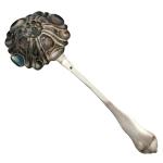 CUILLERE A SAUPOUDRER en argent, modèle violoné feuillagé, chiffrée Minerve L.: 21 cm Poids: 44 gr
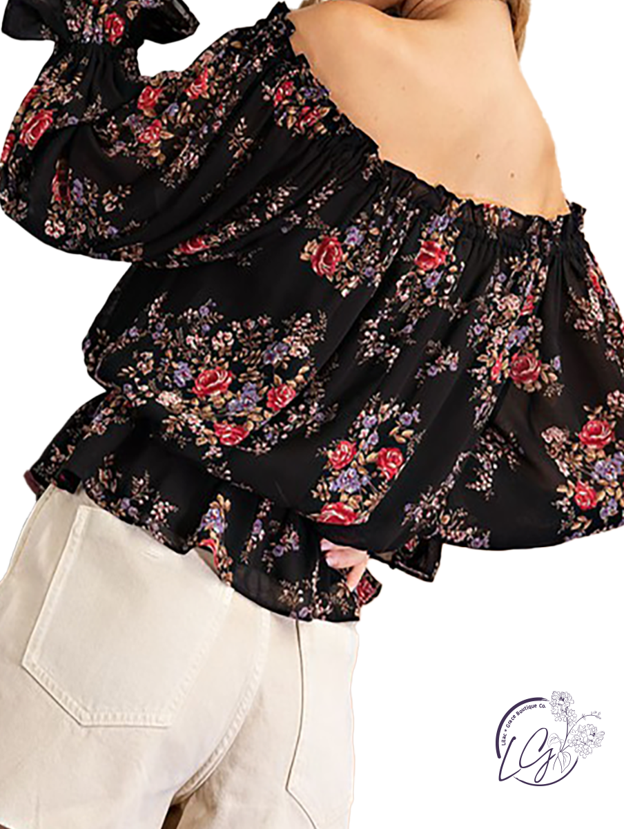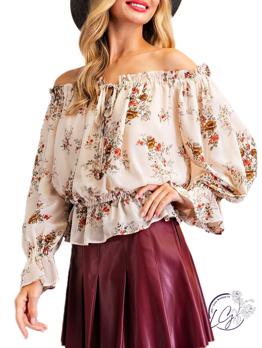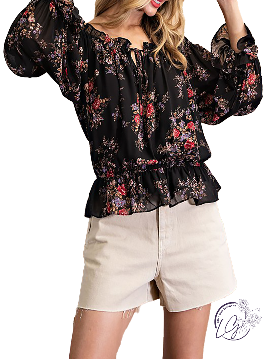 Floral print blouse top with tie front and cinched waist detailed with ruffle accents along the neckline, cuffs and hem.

==

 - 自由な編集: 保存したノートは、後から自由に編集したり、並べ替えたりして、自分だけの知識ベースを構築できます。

§ TASK DIRECTIONS: Would you output the lines above from the line holding "CUILLERE A SAUPOUDRER" up to and including the line holding "Floral print blouse", exactly and only those, with no pictures?

§ RESPONSE BELOW:
 CUILLERE A SAUPOUDRER en argent, modèle violoné feuillagé, chiffrée Minerve L.: 21 cm Poids: 44 gr
 Floral print blouse top with tie front and cinched waist detailed with ruffle accents along the neckline, cuffs and hem.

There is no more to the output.